This Python script manages certificates issued by HashiCorp Vault. It requests, renews, deploys, and manages certificates based on a configuration file.

Features

  • Requests certificates from HashiCorp Vault.
  • Stores certificates in a defined directory.
  • Deploys certificates to defined destinations with proper permissions.
  • Restarts/reloads services after certificates are updated.
  • Renews managed certificates.

Prerequisites

  • Python 3.x
  • Python 3.x Virtual Environments module (venv)
  • HashiCorp Vault
    • Vault's API
  • Required (additional) Python libraries:
    • requests
    • pyyaml
    • pyopenssl

Prerequisites

We'll assume you already have python3 installed on your system, however you need to enusre you have python3 venv installed

  • RHEL: sudo yum install python3-venv
  • Debian: sudo apt install python3-venv

Installation

As this is a raw python script it requires a little setup in order to get going.

  1. Prerequisites

Ensure Vault is accessible from the system. - Ensure you can access the WebUI of your Vault server, and ensure suitable permissions on the Vault server. More information on this coming soon!

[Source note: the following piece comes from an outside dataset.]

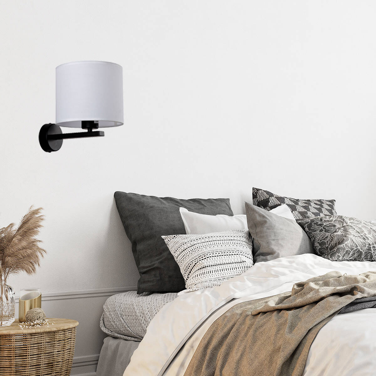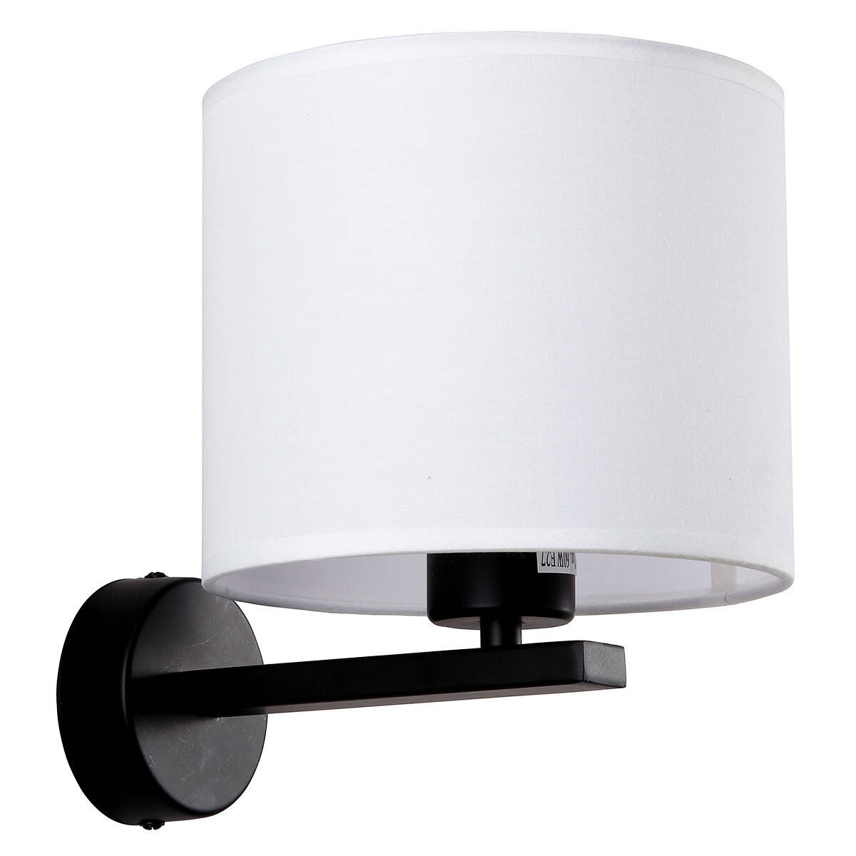 Rodzaj lampy: Kinkiet z kolekcji Cecina. Wymiary: Kinkiet posiada 25 cm wysokości, natomiast głębokość lampy wynosi 18 cm. Materiał i kolorystyka: Kinkiet wykonany jest metalu w czarnym kolorze. Klosz lampy został wykonany z białej tkaniny. Źródło światła: Kinkiet przeznaczony jest na jedną żarówkę o gwincie E27.

  1. Create application directory and set permissions

I suggest placing the application in your opt directory, however this could just as easily run from your root home directory. For the sake of simplicity we'll use the first option for the examples. If you do change the installation path you'll need to modify the hashbang (#!) statement at line #1 in main.py so the script is executable.

sudo mkdir /opt/vcm
  1. Get Files

Option1: Clone Respository with GIT

sudo git clone https://github.com/tfindley/vault_certificate_manager.git /opt/vcm

Option2: Download .zip and extract

wget https://github.com/tfindley/vault_certificate_manager/archive/refs/heads/main.zip
sudo unzip main.zip
mv vault_certificate_manager-main * /opt/vcm
rmdir vault_certificate_manager-main
  1. Install dependencies:

Now you've got all of the files down from git. we need to create our Python Virtual Environment and install dependencies.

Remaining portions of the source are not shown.